The Namib-Naukluft National Park is the largest game park in Africa. Time-reddened dunes and gnarled mountains lie side by side, creating a landscape of striking contrasts that delight the adventurer in us all. In a world where there are not many new places left to explore, here is space to roam.
The Sesriem Canyon and the sandscape of Sossusvlei are the most well-known attractions in this reserve, but the Naukluft Mountains in the eastern part of the park tell a geological story that is equally compelling. The tortuous history of land movement and changing climate has created a phenomenon of sublime beauty – pools and watercourses that sparkle like jewels among the parched mountain gorges. Nothing is more welcoming than an oasis in a desert. Early man found refuge here, and the Naukluft Mountains still hold the same magnetism for its human as well as animal visitors.

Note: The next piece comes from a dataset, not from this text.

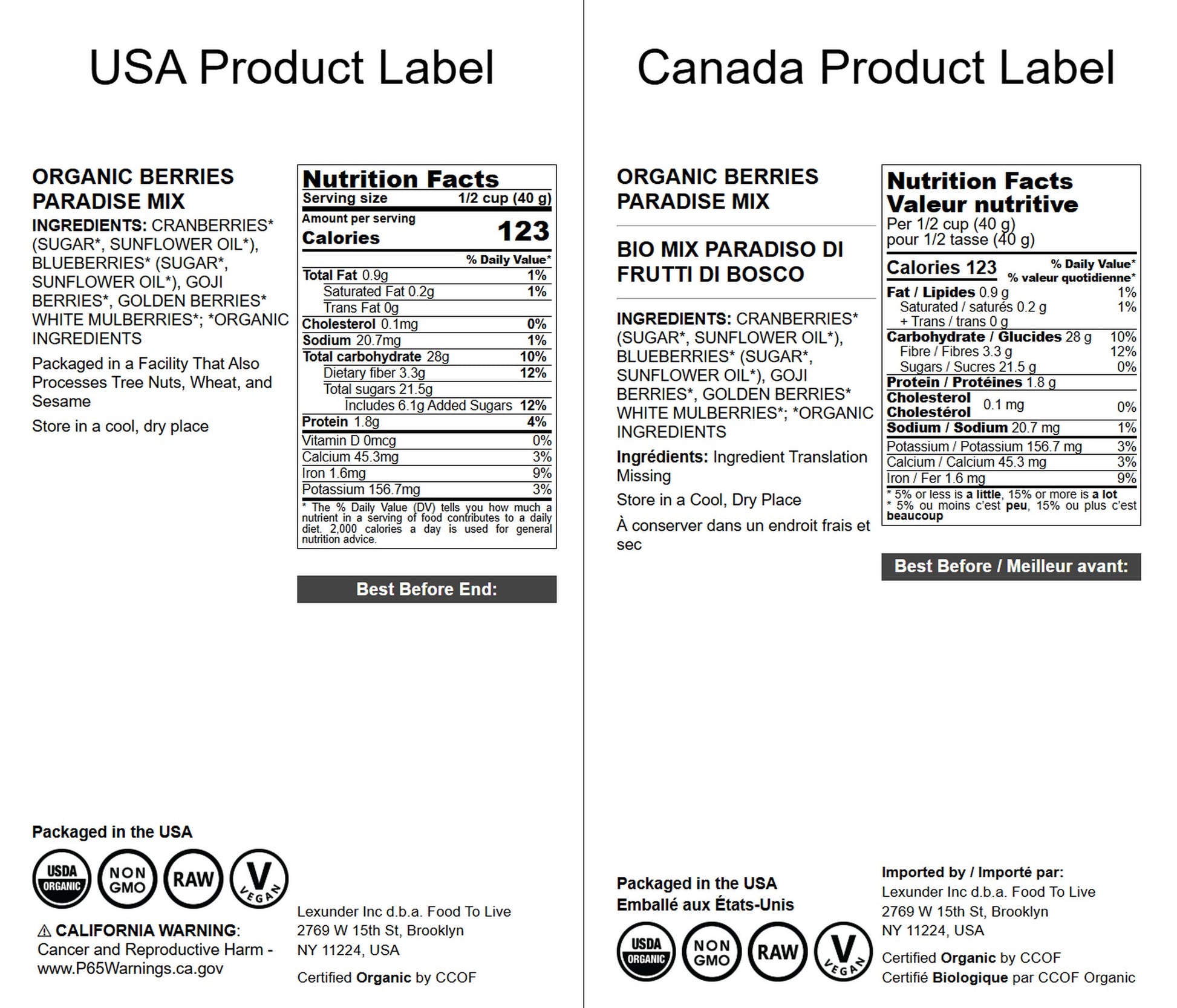 ✔️ ORGANIC, NON-GMO & VEGAN, MADE IN USA: Berries Paradise Mix by Food to Live contains only Organic, 100% Raw and Vegan ingredients.

The Naukluft Mountains offer true wilderness hiking. This is the place to leave the comfort of your vehicle and immerse yourself in the rhythms of nature. The Naukluft Hiking trail is a tough eight-day route where your efforts will be rewarded with swims in unexpected crystal pools and glimpses of game. Kudu, oryx and the rare Hartmann’s zebra are fellow trail users. The shy leopard lives there, too, but usually a sandy paw print or a harsh cough in the night are the only sign of it. However, you will feel the raw energy of the bush when you come around the corner and confront the white bones of zebra.
For those who prefer sleeping in a proper bed, shorter walks, such as the exciting 10 km Olive Trail or the 17km Waterkloof Trail also provide an opportunity to explore this extraordinary terrain and do some on-foot game watching.
The Namib-Naukluft National Park celebrates incredible diversity both in animal and plant life in unique and challenging ecosystems. In the cooler kloofs (ravines) of the mountainous area you will encounter the giant wild fig tree, provider of shelter, shade and food to many animals and birds, and whose intricate root ropes twisting towards the ground are impossible not to marvel over. On the baked mountain slopes comical quivertrees burst with bright yellow flowers that attract many birds and small animals with their sweet nectar. Down in the Namib Desert section of the park, the focus of your ‘treasure’ hunt will be on the strange, sprawling Welwitchia mirabilis, whose leaves provide sap for antelope and rhino in desperate times. And in the dunes of Sossusvlei the highly nutritious nara melon astounds with its ability to grow in sand. These plants all provide some sustenance to the resilient wildlife of the region.
While the draw of the Namib-Naukluft is the grandeur of its landscape and its sense of wilderness rather than big game viewing, if you have time and a little patience the gift of the unusual and unexpected will be yours. Night drives or walks reveal the rich nocturnal life of the desert and its mountains. The odd aardvark, looking like it belongs to Australia rather than Africa, or the termite-eating aardwolf are wary night prowlers. The only lights you will see apart from the stars will be the shining eyes of the African wild cat, black-backed jackal and spotted genet. Your daytime entertainment will be provided by, among others, the endearing meerkat and cheeky ground squirrel.
Birds are also drawn to the pools and springs of the Naukluft, and over 200 species including the lappet-faced vulture and the pale chanting goshawk occur here. If you rest in the shade of a camelthorn tree, make sure to keep an eye out for the ubiquitous hornbill. Its beady eyes will already be on you. The lagoon at Sandwich Harbour in the coastal part of the park plays host to a multitude of migrant as well as resident bird species, and for any serious birder an outing to this serene location will be richly rewarding.